„Porn is like junk food, don´t eat it“ was a line I recently read when I did research about porn.
For quite some time now(more than 50% of my entire life) I was consuming porn. I never felt shame or regret of course not.
Slapping the salami while watching some hot chicks playing with there fruit is definetely
It´s friday 1.pm and we had just 2 more hours programming in school. All of us were so exausthed of not listening and acting our teacher claimed us to do. We were gamer and not people who needs to proof there worthiness of living by improving their lifes and develop their personality. What an irony.
Instead we made strategies how to win on dust, in which way we can reach a q3 plateau with just two rocket jumps and how to boost our shooter config to get 2 more lousy frames. Thats all we need to be totally happy and focused. In fact we basically never tried to be happy and
never left our comfortzone to grow and stretch ourselfs. Dude, we´ve been overweight and single. We have to be happy!
Especially on organised lan parties it was common sense to digest and share porn.
My major rule was „lets collect everything – there is enough time to delete it later“. In the beginning on Lan parties I just wanted to play with my mates and have fun but with the time my perspective switched so from than on I wanted to leech porn… more and more.
What a wonderful time when we were exchanging FTP-IPs and network share names.
„Holy Moly! What a huge data pile?! Unreal!! 400 GB just games and porn, Chris.“
„Ha watch this. I got one with all Gina Wild movies in 700MB quality“.
When there was not much or nothing to leech at all I got grumpy and anoyed.
I was masturbating pretty much every day without even think of what I was doing. It felt so comfortable and normal like breathing.
The good things are at hand. I didn´t have to talk to girls and risk rejection from them. What a big deal especially as a virgin. I could just select what I want to see instantly. I could have it all the time. When I felt lonely I jerked. When I felt bored I jerked. I even jerked for no reason, just to get it done like homework.
I higly recommend this one!
Seven years ago when I was with my first girlfriend we tried for weeks to have sex but I could not get horny enough like I was kind of blunted. I realized I got a problem here. Was I so numbed up to get horny with real naked girls? I mean I watched so much stuff sometimes two or three movies simultaneously.
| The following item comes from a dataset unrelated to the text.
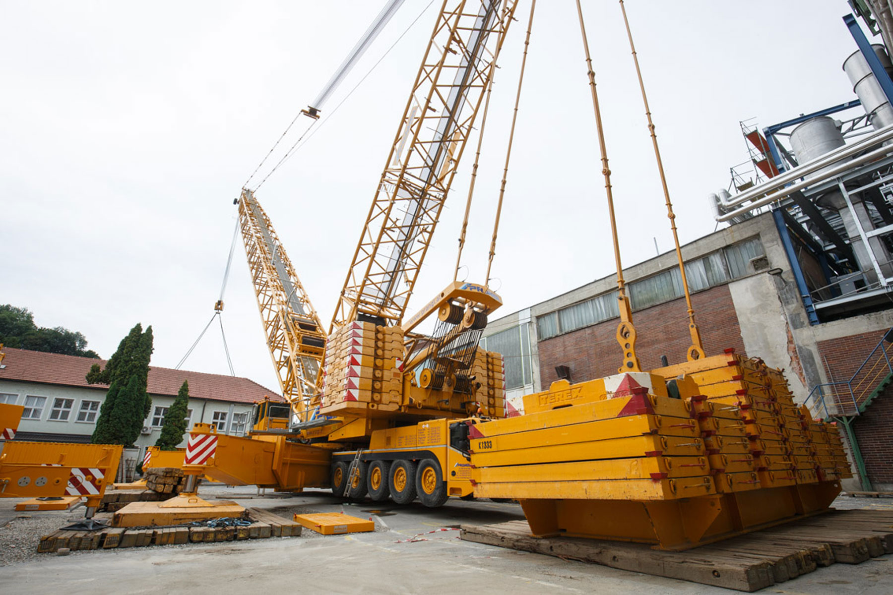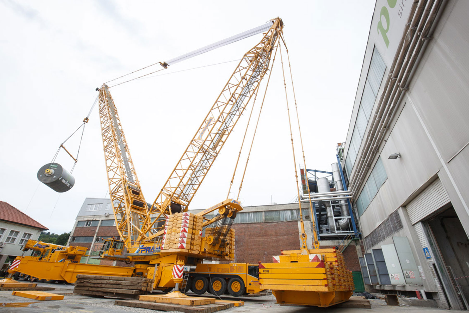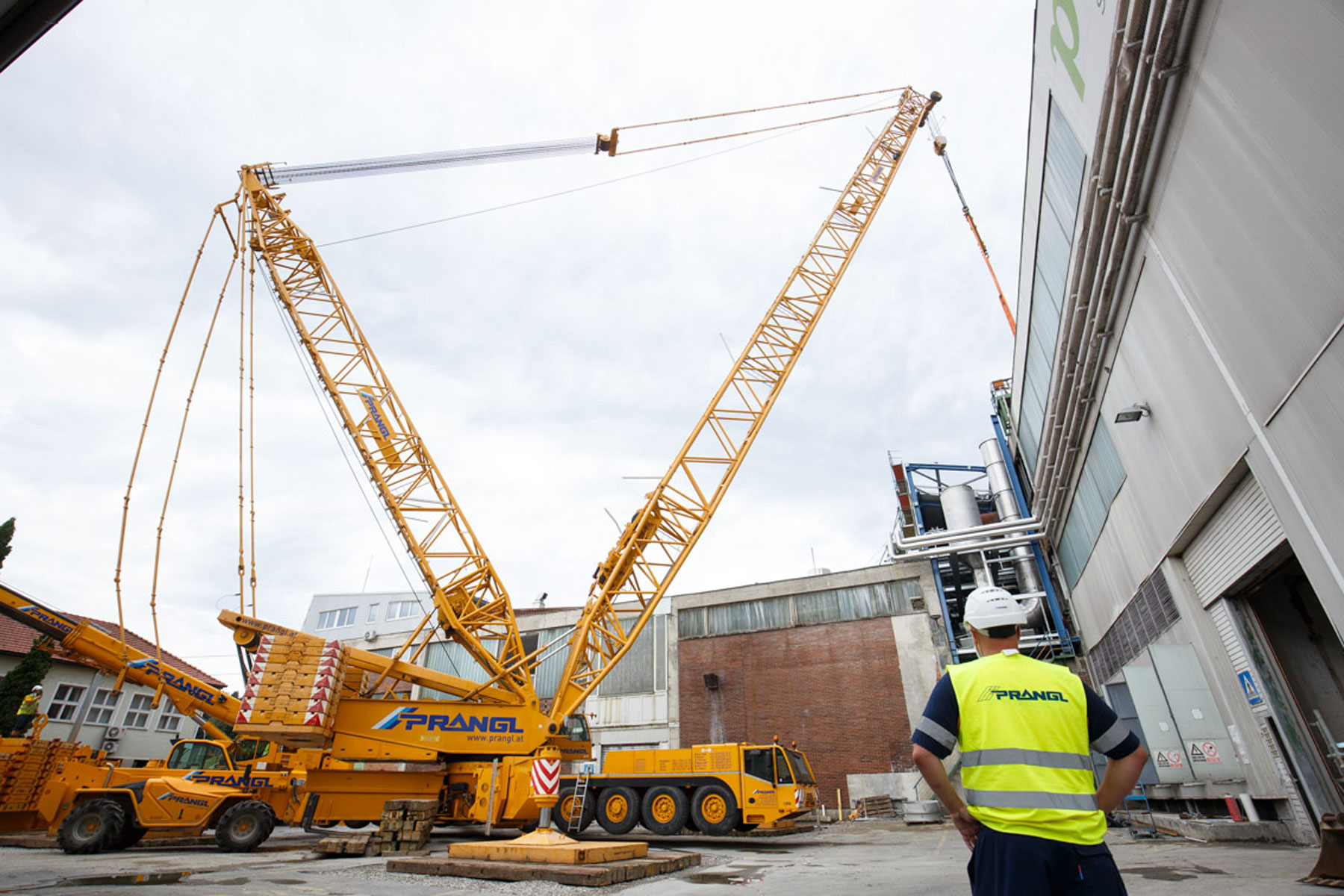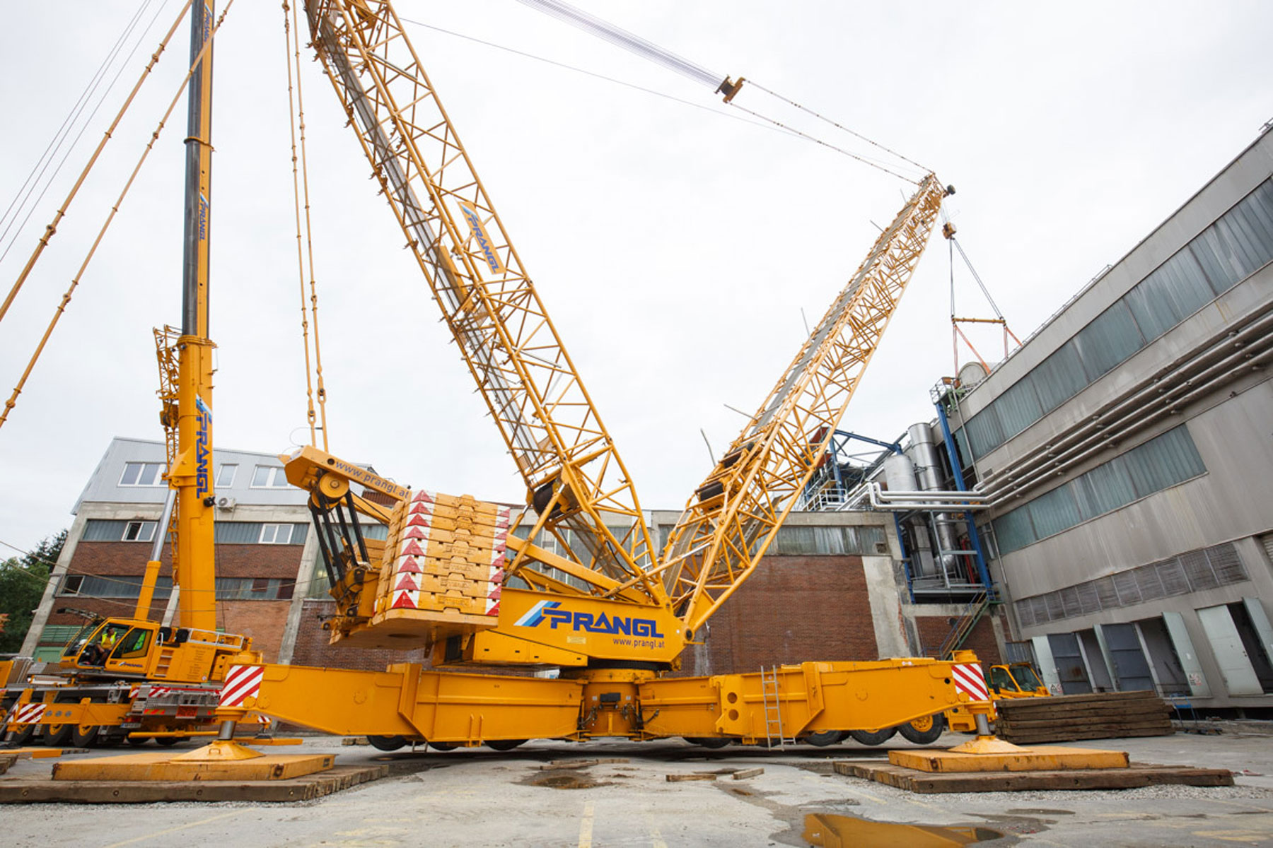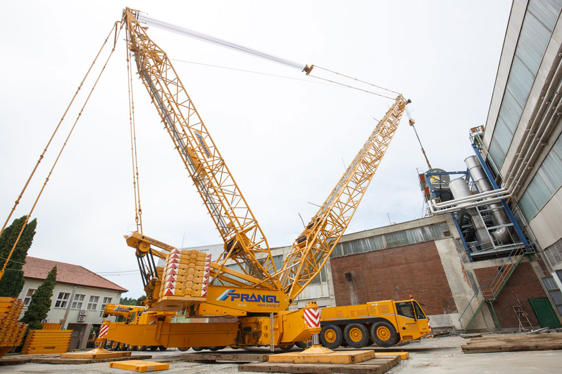 An dem fast 150 Jahre alten Produktionsstandort herrschten besonders beengte Platzverhältnisse, weswegen ein spezielles Engineering erforderlich war: Das Prangl-Team konnte mit einem 600 Tonnen Gittermastkran – er hat die enorme seitliche Reichweite von 43 Meter – die beste technische Lösung bieten. Mit einem Gesamtgewicht von 1.044 Tonnen wurde der Kran in mitten des engen Innenhofs platziert. Zum Aufbau des gelben Giganten war zusätzlich ein neuer 110 Tonnen Teleskopkran notwendig. Dank der guten Zusammenarbeit des slowenischen und des österreichischen Prangl-Teams erfolgte der Aufbau problemlos.

Everytime it worked and make me come but there were times I need more material attraction to reach the same level of hornieness. In real life it was even worse. There she was in front of me. These were real tits man. A real woman with a real body and lips and eyes and hair and nice descent and and and you still have a flat tire? I felt sooo bad. I couldn´t help myself nor could she. I couldn´t even explain it to her or anyone. I begann to understand that most women in such a situation were feeling bad too. What a horror.
Till end of last year I never really questioned porn or my sexual behaviour in total but now I changed at least I changed my point of view about it.
Don´t get me wrong I will not say that porn is harming everybody and that you are looser with no self estem when you watch porn. I just figured out for myself that I can enjoy sex and women much more when I reduce porn.
So this is what I understand:
When you masturbate you produce dopamin. The same stuff you produce when you eat and take drugs.
So you are watching porn and have awesome solo sex. Your brain is now connecting dopamin to the pictures which run in front of you mostly overdozed wonderwomen with niples to put your shirt on. With the time your brain get used to it and is literally saying „If you want to get hard again you have to pay. Give me these asses and I want this. Hmhm or what about threesome today? Grml, this butt from yesterday was so good. Lets give it just a quick glance again will ya?!.“
The last two years I experimented a little with on and off phases with porn.
Now it is my second attempt to stop with porn entirely. I am on day 18 and I am talking just about quitting porn… 😀
For now I feel ok with it and do not have many urges to check xvideos.